Например, уроженец Минской губернии начальник Ямальского окружного отдела НКВД Богданкевич во время приведения приговоров в исполнение организовывал пьянки для сотрудников за счет средств, изымаемых у осужденных к расстрелу. Часть этих средств шла также на оплату осведомителям. Во время допросов Богданкевич практиковал изощренные пытки: держал арестованных несколько часов по стойке «смирно», издевался над женами арестованных в присутствии мужей, применял конвейерный допрос, который длился нескольких суток, во время допросов заставлял сидеть заключенных на ребре ножек табуреток; производил корректировку протоколов допросов (предварительного писал их на черновиках, затем перепечатывал на машинке, вставляя «шпионаж» и «диверсии», а потом заставлял арестованных, угрожая пистолетом, их подписывать) и т. п. За совершенные преступления А. И. Богданкевич в 1938 г. был осужден Военным трибуналом войск НКВД на 5 лет лишения свободы, а в 1940 г. освобожден. Это только один из примеров активной «деятельности» НКВД и методов, которые активно использовали в своей прак
тике сотрудники органов от Бреста до Владивостока.
Весь СССР, в том числе и Беларусь, был покрыт густой сетью тюрем и следственных изоляторов НКВД — всего карательных учреждений насчитывалось не менее 800-900 (точное число установить не представляется возможным). Как правило, они дислоцировались в областных центрах РСФСР и столицах союзных и автономных республик. В Москве, Ленинграде и Минске находилось свыше десятка тюрем и изоляторов специального назначения.

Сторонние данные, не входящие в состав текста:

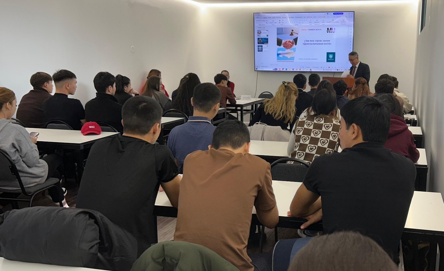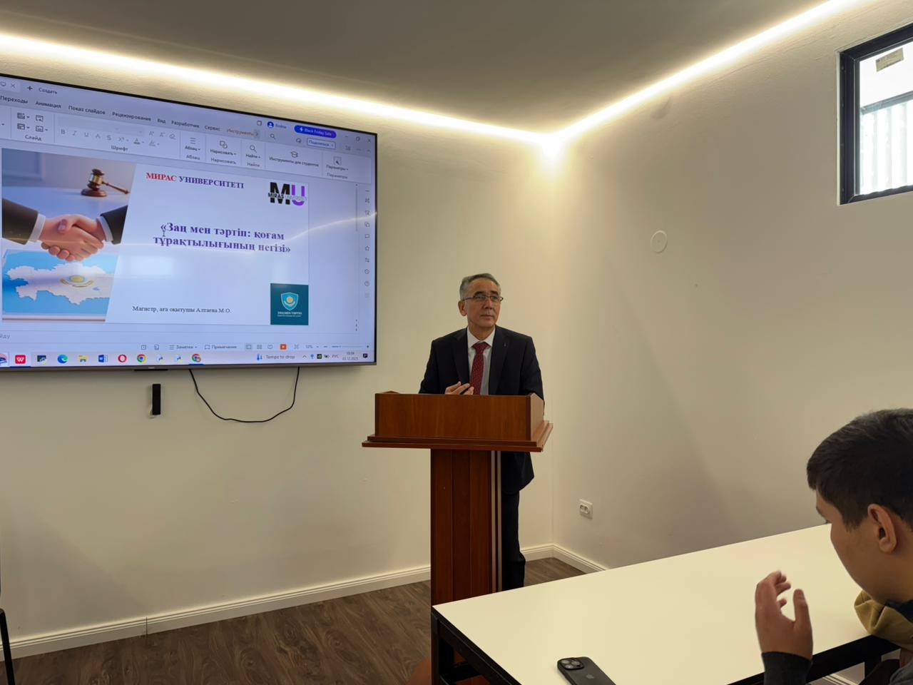 03 декабря 2025 года в университете «Мирас» была проведена встреча с судьёй межрайонного суда по гражданским делам города Шымкент Отарбаевым Еркеном Бостанбекұлы на тему: «Закон и порядок: основа стабильности общества».
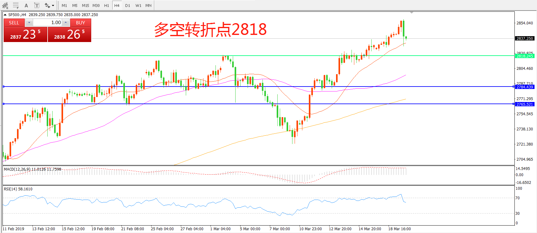 4小时图看,标普500在连续上行后出现大幅回落,目前暂时企稳于21均线附近。均线系统呈多头排列,MACD红柱走平,RSI指标掉头,日内震荡上行概率较大。
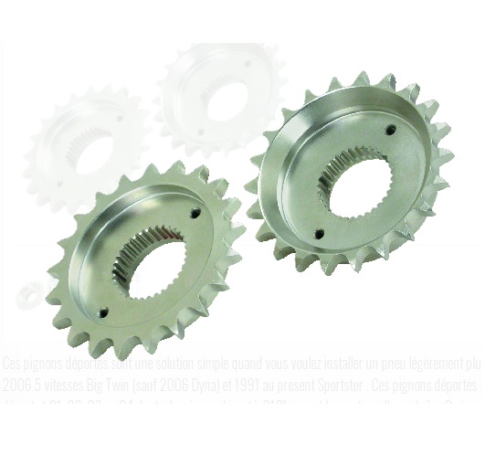 Ce pignons déporté est une solution simple quand vous voulez installer un pneu légèrement plus large sans utiliser de déport de boite. Pour 1986 à 2006 5 vitesses Big Twin (sauf 2006 Dyna) et 1991 au present Sportster . Ce pignon déporté est en 0,5" (12,7mm)
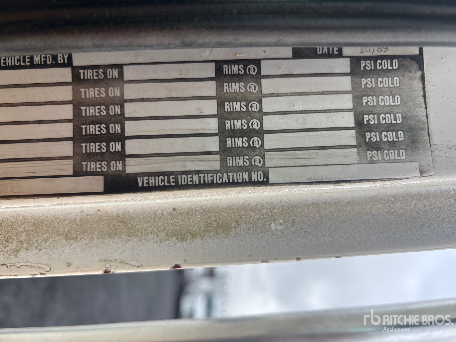 Situé sur la voie 17, emplacement 19, moteur diesel Cummins LTA10 6 cylindres de 285 ch, homologué EPA (États-Unis) de 1989, transmission manuelle Eaton Fuller, essieu avant de 8165 kg, essieu arrière de 1922 kg, PTAC de 3331 kg, roues avant en aluminium, pneus avant 425/65R22.5, pneus arrière 11R22.5, essieu suiveur, suspension à balancier Hendrickson, empattement de 665 cm, prise de force, malaxeur TMMB de 816 m³, 3 goulottes amovibles
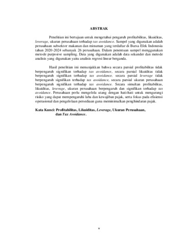 Penelitian ini bertujuan untuk mengetahui pengaruh profitabilitas, likuiditas, leverage, ukuran perusahaan terhadap tax avoidance. Sampel yang digunakan adalah perusahaan subsektor makanan dan minuman yang terdaftar di Bursa Efek Indonesia tahun 2020-2024 sebanyak 26 perusahaan. Dalam penentuan sampel menggunakan metode purposive sampling. Data yang digunakan adalah data sekunder dan metode analisis yang digunakan yaitu analisis regresi linear berganda. Hasil penelitian ini menunjukkan bahwa secara parsial profitabilitas tidak berpengaruh signifikan terhadap tax avoidance, secara parsial likuiditas tidak berpengaruh signifikan terhadap tax avoidance. secara parsial leverage tidak berpengaruh signifikan terhadap tax avoidance, secara parsial ukuran perusahaan berpengaruh signifikan terhadap tax avoidance. Secara simultan profitabilitas, likuiditas, leverage, ukuran perusahaan berpengaruh dan signifikan terhadap tax avoidance. Perusahaan perlu mengelola utang dengan hati-hati untuk mengurangi risiko yang dapat mempengaruhi laba dan kewajiban pajak, serta fokus pada efisiensi operasional dan pengelolaan persediaan guna meminimalkan penghindaran pajak. Kata Kunci: Profitabilitas, Likuiditas, Leverage, Ukuran Perusahaan, dan Tax Avoidance.
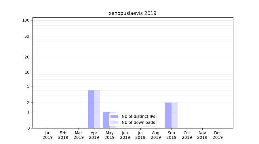 Number of downloads for annotation package xenopuslaevis, year by year, from 2025 back to 2014 (years with no downloads are omitted):
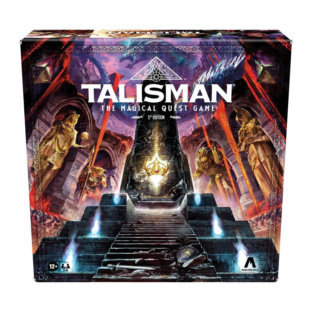 Welcome, champions, to the magical land of Talisman! The otherworldly artefacts known as Talismans have once more descended onto the mortal plane, signalling the dawn of a new era – and the need for a new ruler! In the Talisman: The Magical Quest Game, 5th Edition, set forth on an epic adventure, racing to be the first to obtain a Talisman, reach the Crown of Command in the centre of the board and defeat the elder dragon to win. With a diverse range of characters to choose from and a vast world of possible scenarios, this strategy game for teens and adults offers limitless adventures! Includes a large gameboard, 12 Character figures, 12 Character cards, 100 Adventure cards, 24 Spell cards, 18 Purchase cards, 4 Talisman cards, 1 Toad card, 6 Toad tokens, 114 counters, 38 Fate tokens, 12 Alignment tokens, 30 coins, 3 six-sided dice and an easy-to-follow rulebook.
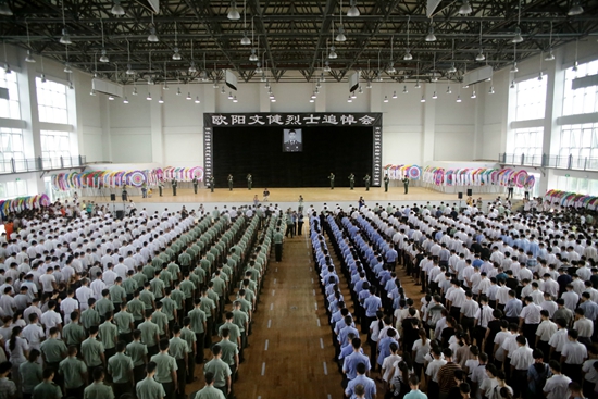 烈士欧阳文健,同样年轻。他生前是武警海南边防总队临高支队特勤分队战士。8月的海南,台风“电母”引发的洪水冲毁了家园。欧阳文健在营救被洪水围困的群众时,不幸被洪水卷走,壮烈牺牲,年仅22岁。追悼大会在临高县新文化馆举行。海南省政府有关部门领导干部、欧阳文健的父母、生前战友、家乡政府代表等社会各界万名干部群众赶到这里,一同送别心中的英雄。
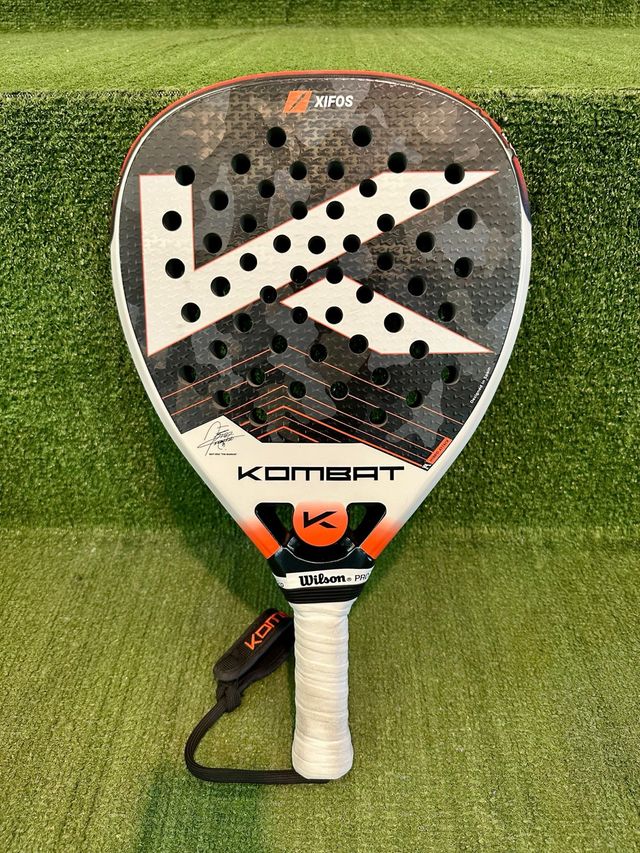 Detalles del productoPala pádel Kombat Xifos de Mati Díaz. Está en perfecto estado. Ambas caras de la pala intactas y con protector en el marco de la bandera de España. Ningún roce ni marca de nada. Muy bien cuidada.
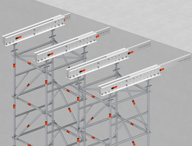 Nur ein Stiel für Stand- und Hängegerüste – erspart die zeitaufwändige Montage separater Rohrverbinder und vermeidet doppelte Lagerhaltung.
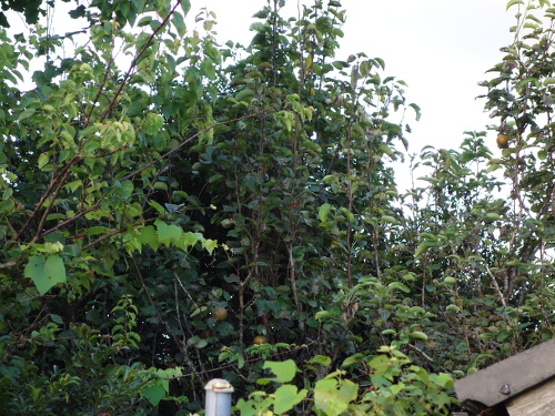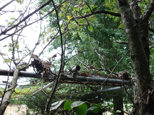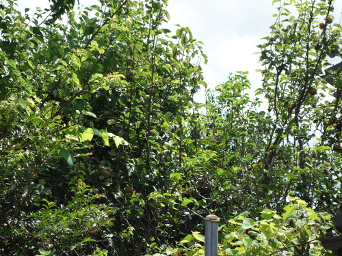 木があまり高くなりすぎないように上の方を切った方がいいのか逡巡しています。右側の木は二十世紀梨。
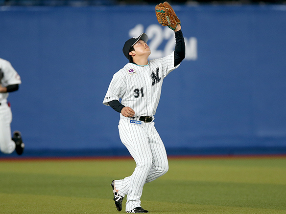 レフトの菅野が捕球体勢に入る
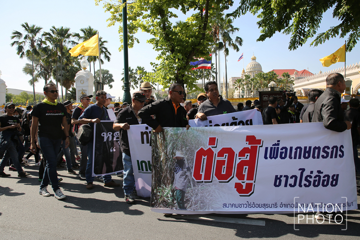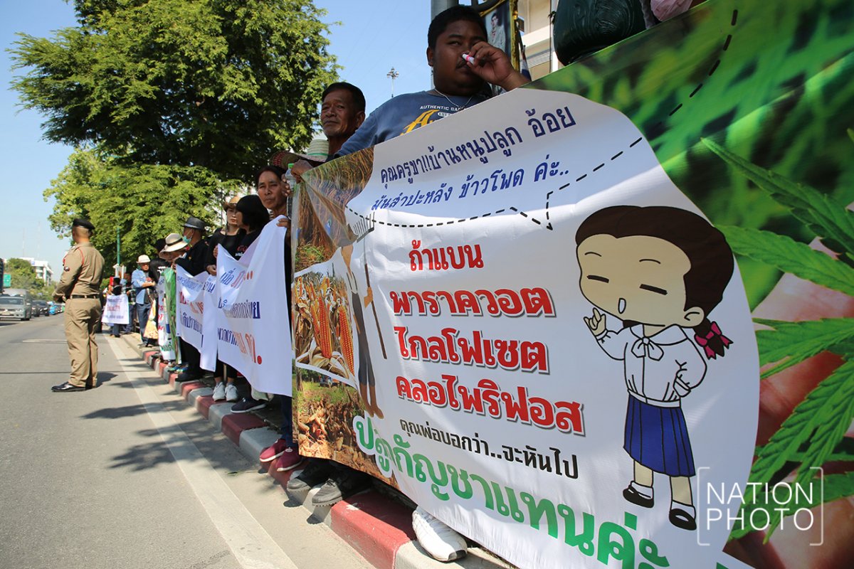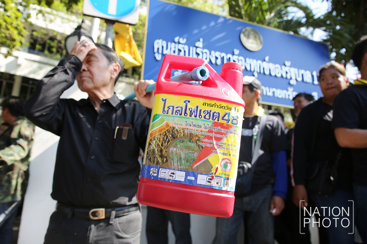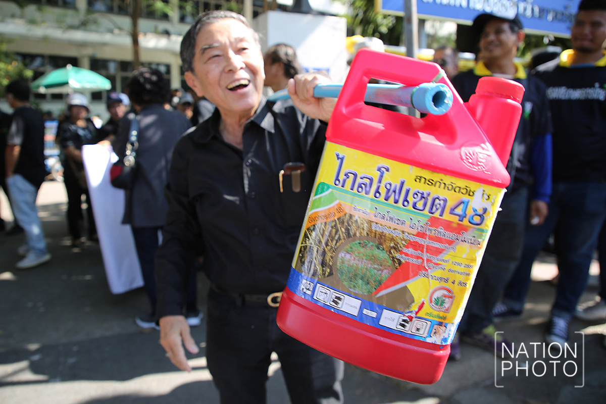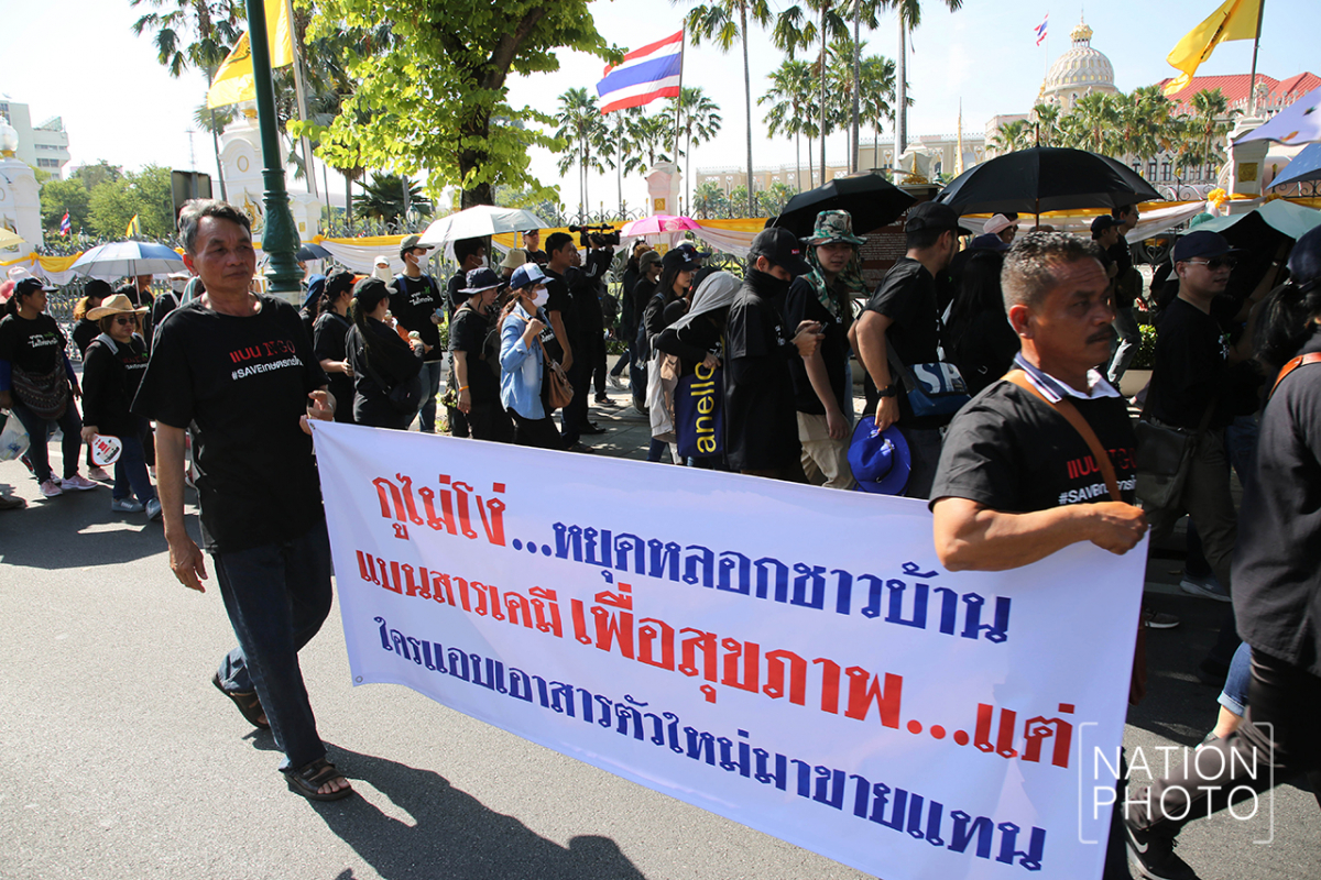 A group of farmers dressed in black gathered in front Government House today (November 26) to submit a petition to Prime Minister Prayut Chan-o-cha stating their opposition to the banning of Paraquat, Chlorpyrifos and Glyphosate, and explaining they wanted to continue using the chemicals under the proper procedures.

Хотя до сих пор на территории Беларуси не выявлено наличие в 1930-1940-е гг. исправительно-трудовых лагерей, это вовсе не означает их реального отсутствия. Наличие пересыльных тюрем и лагерей в Минске, Витебске, Могилеве, Слуцке, Гомеле позволяло держать там одновременно «спецконтингент» в 1520 тысяч человек. Срок пребывания «этапируемых» в пересыльных тюрьмах и лагерях зависел от «оперативности» администрации и мог длиться от нескольких часов до нескольких месяцев, а в среднем — 12-14 суток.
В период проведения массовых арестов, особенно в 1937— 1938 гг., когда органами НКВД БССР производились одновременно аресты несколько тысяч человек, возникла необходимость незамедлительного «этапирования» осужденных и подследственных к местам отбытия наказания. Из пересыльных тюрем и лагерей, расположенных на территории Беларуси, «этапирование» шло по следующим маршрутам: Витебск— Ленинград—Петрозаводск; Витебск—Вологда—Архангельск; Минск—Витебск—Вологда—Котлас; Минск—Москва— Владимир—Киров—Сыктывкар; Могилев—Брянск—
Воронеж—Куйбышев; Гоме ль—Чернигов—Запорожье; Минск—Москва—Казань—Свердловск—Воркута; Минск— Москва—Омск—Новосибирск—Красноярск—Норильск; Минск—Москва—Чита—Якутск—Магадан—Колыма и др. В одном таком этапе насчитывалось иногда несколько сотен человек, которые, в основном железнодорожным транспортом, перебрасывались на расстояние в тысячи километров.